Я удивился, услышав такой ответ, позволил себе колкость:
– Если бы Адольф сказал, что жертв среди черного населения он не считает, я был бы готов к такой ремарке. Но от вас, гуманиста… Еврея, в конце концов.
Ройтман поморщился:
– События, происходившие в процессе освобождения Африки, не имеют прямого отношения к событиям в Европе. Связаны, как все в мире, но не прямо.

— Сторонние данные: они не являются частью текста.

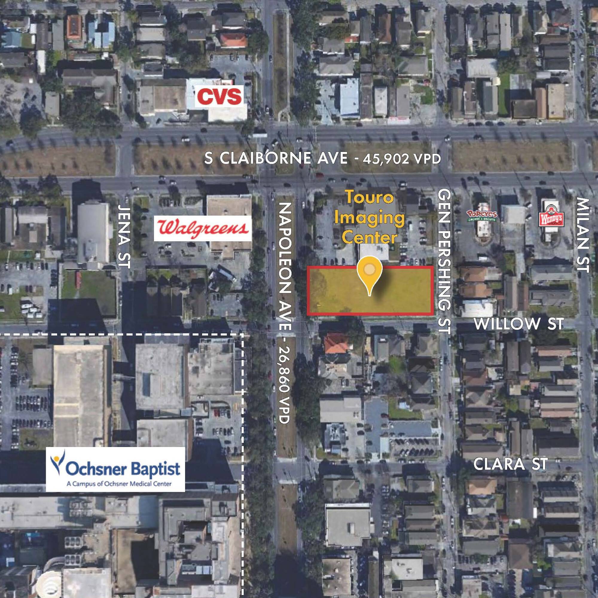 This 36,000 square foot lot is available for rent. It faces Napoleon Avenue and the Ochsner Baptist Medical Complex. Bounded by Willow and General Pershing Streets, the site makes up approximately half the block. The property is directly adjacent to Touro LCMC Imaging Center. It is zoned MU-1 and well-suited for a medical development as well as a variety of other uses. The owner will consider a build-to-suit development. The taxes are $10,364.40 per year.
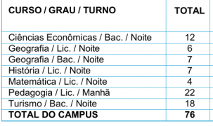 A Unespar lançou Vestibular Complementar 2026 com 234 vagas em cinco câmpus. Em Campo Mourão são 76 vagas em sete cursos (veja acima). As inscrições podem ser feitas até 18 de janeiro. De graça. O candidato deverá optar por uma entre três formas de seleção:

– Собственно говоря, в Африке все это произошло как следствие европейской войны. Более того, все перечисленные войны были именно европейскими – во всяком случае, одна из воюющих сторон несомненно была цивилизованной и демократической. Я еще не дошел до внутренних войн – войн между освобожденными народами. Потом дикари стали резать друг друга, такое тоже было. Эти жертвы тоже стоит посчитать, не правда ли? Йеменские войны шли с шестьдесят второго по семьдесят девятый – вы уже были вполне зрелым человеком, могли обратить внимание. Ливия и Республика Чад, это, если не ошибаюсь, с середины семидесятых и до восемьдесят четвертого. Марокко и Алжир – семьдесят шестой. Полковник Бокасса в Центральной Африке. Мобуту в Заире. Это бывшее Конго, там дорезали тех, кого бельгийцы оставили в живых. Амин в Уганде. Лаос семьдесят пятого года. Филиппины шестьдесят восьмого. Я только начинаю, не добрались до главного. Ближний Восток, арабы и евреи, палестинский вопрос, война Ирака и Ирана, тамильские войны в Бирме, история Республики Бангладеш. Хотите, чтобы я остановился? Или вы действительно не считаете эти потери? Но вот, взгляните в окно, – я показал на своих цветных соседей; по своему обыкновению, негры сидели подле дверей магазина, разглядывая прохожих с любопытством котов, греясь на неярком английском солнышке. – Поглядите на них, они ведь уже ваша семья!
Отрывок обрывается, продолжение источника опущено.